Appel à articles : “L’architecture et la lettre : dits et récits d’espaces” – Numéro 5 de la revue transversale [histoire : architecture, paysage, urbain]
De quoi parlent-ils lorsqu’ils parlent d’architecture ? Poètes, écrivains, cinéastes, architectes, urbanistes et paysagistes ? Sans doute leur commun est-il l’orchestration de l’espace, et ainsi, “puisque ces mystères nous dépassent, feignons d’en être l’organisateur1”. Mais inscrire l’espace dans un récit, c’est déjà l’attacher à des temporalités et l’on sait, comme l’écrit Ricoeur, que : “l’architecture serait à l’espace ce que le récit est au temps, à savoir une opération ‘configurante’ ; un parallélisme entre d’une part construire, donc édifier dans l’espace, et d’autre part raconter, mettre en intrigue dans le temps2.”

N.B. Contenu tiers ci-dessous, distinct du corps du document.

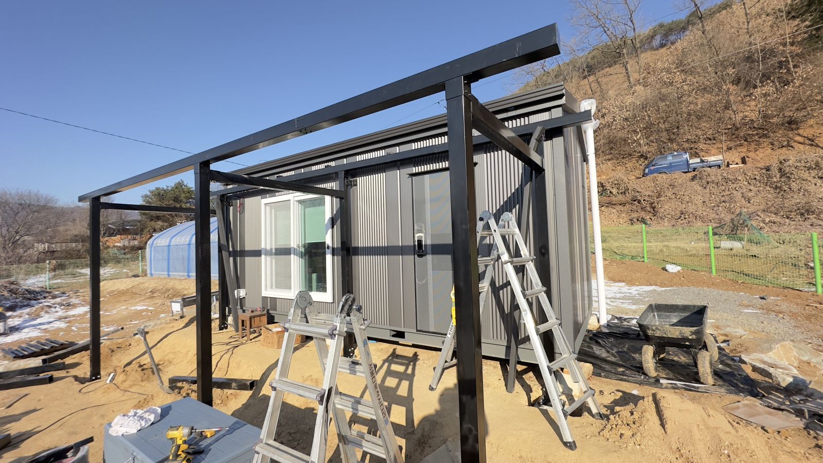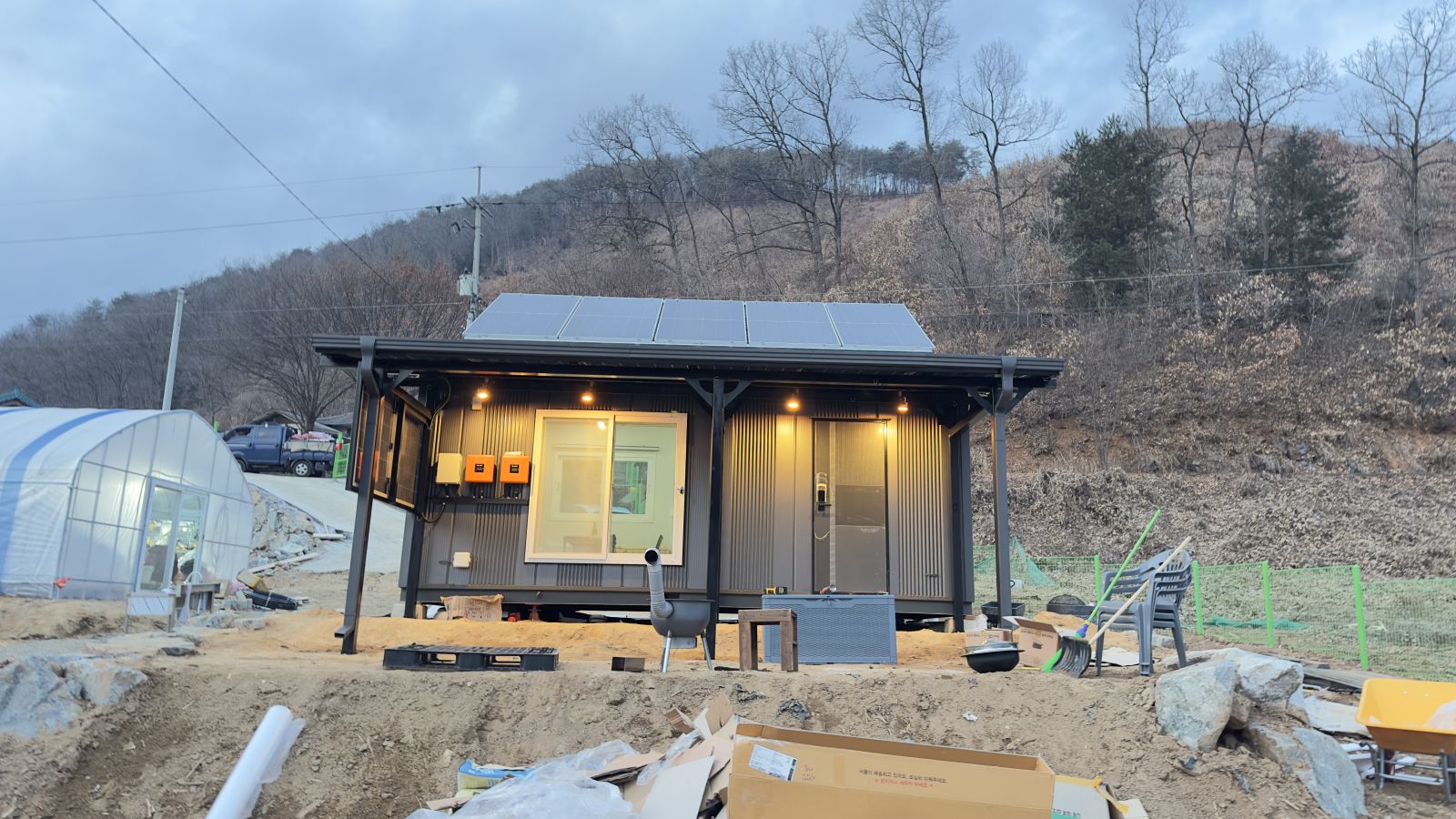시공 전과 후의 농막 모습이 완전히 다르죠?? 태양광 농막으로 시공해서 전기 생산까지 알차게 하고 그냥 컨테이너만 있던 농막에서 럭셔리한 태양광농막이 되었습니다. ![]()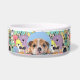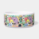 For stylish dogs, this dog bowl features a modern cartoon collage of dogs and a picture of your an English Bulldog and the dog’s name.

Pour son 5e numéro, transversale a choisi d’emprunter la voie littéraire et de lancer un appel à contribution sur deux axes.
– “dans” l’architecture, l’urbain, le paysage, les environnements : le site comme narration de l’interne à l’architecture ;
– “sur” l’architecture, l’urbain, le paysage, les environnements : le récit externe à l’architecture pour observer, débattre, affronter, analyser.
Le premier axe examine les analogies potentielles entre l’imprimé de la création littéraire et l’architecture ainsi “littérarisée”. De l’architecture, l’agencement des mots présente un parti, défend une posture, accompagne peut-être un projet. Et si de nombreux architectes ont informé la conception et la construction à l’attention des professionnels et des étudiants3, les tentations analogiques plus profondes entre architecture et littérature sont nombreuses4, comme en témoignent les registres employés pour décrire quelques modes opératoires : “grammaire de l’architecture” ; “imprimante 3D”… Ainsi, la dépendance de la signification des signes à la structure saussurienne du langage, renverrait à la corrélation entre structure, enveloppe et second oeuvre. Sur le papier, dessin et écriture sont animés par une analogue “mécanique des fluides5” selon Julien Gracq, ou selon Henry Van de Velde par une force “dont l’énergie [vient] de celui qui l’a tracée6”. La narration peut se faire cinématographique : la découverte des hameaux du Mirail, de Fontaine et de Reynerie par une jeune équipe d’architectes, inspire à ces derniers l’écriture d’une histoire7. Dire le génie du lieu, n’est-ce pas être le spectateur et le lecteur de l’action du temps, non seulement sur la condition mais sur les constructions humaines ? John Ruskin prédit un délabrement futur où une destinée commune relierait ses deux passions : « Il n’y a que deux grands conquérants de l’oubli des hommes, la Poésie et l’Architecture8 ». Au-delà du XIXe siècle, ces réflexions sur la ruine se prolongent à travers l’évocation des politiques destructrices du patrimoine ordinaire, du rapprochement explicite entre la ruine et l’état du monde9 et de la capacité de résilience et de création10.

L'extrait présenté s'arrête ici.